Here is an example of a simple @Controller
class that uses the chat model for text generations.
@RestController
public class ChatController {
private final AzureOpenAiChatModel chatModel;
@Autowired
public ChatController(AzureOpenAiChatModel chatModel) {
this.chatModel = chatModel;
}
@GetMapping("/ai/generate")
public Map generate(@RequestParam(value = "message", defaultValue = "Tell me a joke") String message) {
return Map.of("generation", this.chatModel.call(message));
}
@GetMapping("/ai/generateStream")
public Flux<ChatResponse> generateStream(@RequestParam(value = "message", defaultValue = "Tell me a joke") String message) {
Prompt prompt = new Prompt(new UserMessage(message));
return this.chatModel.stream(prompt);
}
}
Manual Configuration
The AzureOpenAiChatModel implements the ChatModel
and StreamingChatModel
and uses the Azure OpenAI Java Client.
To enable it, add the spring-ai-azure-openai
dependency to your project’s Maven pom.xml
file:
<dependency>
<groupId>org.springframework.ai</groupId>
<artifactId>spring-ai-azure-openai</artifactId>
</dependency>
or to your Gradle build.gradle
build file.
dependencies {
implementation 'org.springframework.ai:spring-ai-azure-openai'
}
Refer to the Dependency Management section to add the Spring AI BOM to your build file. |
The spring-ai-azure-openai dependency also provide the access to the AzureOpenAiChatModel . For more information about the AzureOpenAiChatModel refer to the Azure OpenAI Chat section.
|
Next, create an AzureOpenAiChatModel
instance and use it to generate text responses:
var openAIClient = new OpenAIClientBuilder()

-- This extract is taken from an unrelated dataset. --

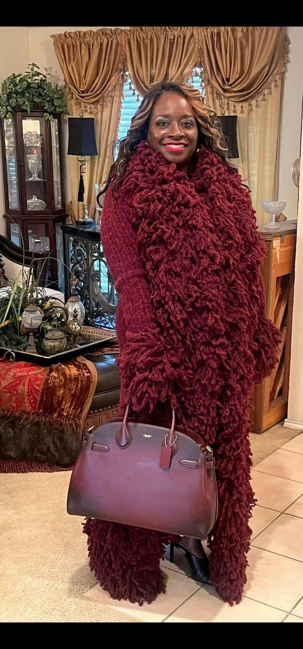 This knit coat is simply gorgeous - it is EVERYTHING and more in person and I am so pleased with this purchase! I will definitely purchase the burgundy one when it is restocked.

.credential(new AzureKeyCredential(System.getenv("AZURE_OPENAI_API_KEY")))
.endpoint(System.getenv("AZURE_OPENAI_ENDPOINT"))
.buildClient();
var openAIChatOptions = AzureOpenAiChatOptions.builder()
.withDeploymentName("gpt-4o")
.withTemperature(0.4)
.withMaxTokens(200)
.build();
var chatModel = new AzureOpenAiChatModel(this.openAIClient, this.openAIChatOptions);
ChatResponse response = this.chatModel.call(
new Prompt("Generate the names of 5 famous pirates."));
// Or with streaming responses
Flux<ChatResponse> response = this.chatModel.stream(
new Prompt("Generate the names of 5 famous pirates."));
the gpt-4o is actually the Deployment Name as presented in the Azure AI Portal.